Another limitation of the current animal study is the use of anesthesia. Ketamine has been reported to increase extracellular 5-HT concentration and thereby to reduce radioligand binding to the 5-HT transporter in the NHP brain73,74. However, ketamine has been shown to increase [11C]AZ10419369 binding in several regions in the NHP brain (nucleus accumbens, ventral part of GP and the midline nucleus reuniens of thalamus)73. This effect is potentially related to ketamine-induced upregulation of 5-HT1B receptors73. Such upregulation of 5-HT1B receptors has been associated with sensitization of psychostimulant effects in rodents75. Importantly, in the same NHP [11C]AZ10419369 study, Yamanaka et al.73 also demonstrated that fenfluramine-induced decreases in [11C]AZ10419369 binding were similar in awake and anesthetized monkeys. Therefore, a potential effect of ketamine on 5-HT concentration or 5-HT1B receptor expression is likely not the main cause of the presently observed drug-induced reductions in [11C]AZ10419369 binding. Currently, there are no studies reported that evaluate the effect of sevoflurane on [11C]AZ10419369 binding. In the current study we minimized the effect of sevoflurane by maintaining constant levels of volatile anesthetics during PET measurements performed on the same experimental day. Future studies evaluating the current PET imaging paradigms in conscious humans are warranted to exclude potential anesthesia effects.
Several other factors also need to be considered when interpreting the current results. First, the sample size is small. Second, only female NHPs were included thereby potentially limiting extrapolation of the results to male subjects. Finally, drug-induced changes in cerebellar distribution volume (VND) were not controlled for as no blood sampling was performed. However, since high doses of 5-HT1B receptor antagonists did not decrease cerebellar [11C]AZ10419369 binding in previous human studies76, we expect the possible effect of experimental drugs on cerebellar [11C]AZ10419369 binding to be minimal. In summary, although these potentially confounding factors are present, they are unlikely to change the main results of the current study.
In conclusion, our results suggest that [11C]AZ10419369 binding is sensitive to increases in 5-HT concentration induced by amphetamine, MDMA or 5-HTP in the primate brain. Considering the robust BPND changes and the clinically relevant doses of applied pretreatment drugs, it is likely that the current PET imaging paradigms could be successfully translated in future human studies aiming at understanding the function of the 5-HT system in the pathophysiology and treatment of neuropsychiatric disorders.

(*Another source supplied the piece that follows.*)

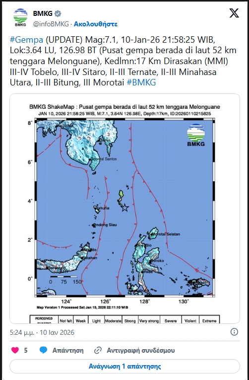 Ισχυρός σεισμός, μεγέθους 7,1 Ρίχτερ, σημειώθηκε το Σάββατο (10/01) στη νοτιοανατολική περιοχή του Μελονγκουάν, στην περιφέρεια των Νήσων Ταλάουν, στη Βόρεια Σουλαουέσι της Ινδονησίας.

Electronic supplementary material
Acknowledgements
This study was funded by the Innovative Medicines Initiative Joint Undertaking under grant agreement no. 115008 of which resources are composed of EFPIA in kind contribution and financial contribution from the European Union’s Seventh Framework Programme (FP7/2007–2013). Part of this work was supported by an International Postdoc grant from the Swedish Research Council (to S.J.F.). The authors thank the members of the Karolinska Institutet PET group for their assistance, and in particular Gudrun Nylén for excellent technical assistance.
Conflict of interest
The authors declare that they have no conflict of interest.
Footnotes
Electronic supplementary material
Supplementary Information accompanies this paper at (10.1038/s41398-018-0178-7).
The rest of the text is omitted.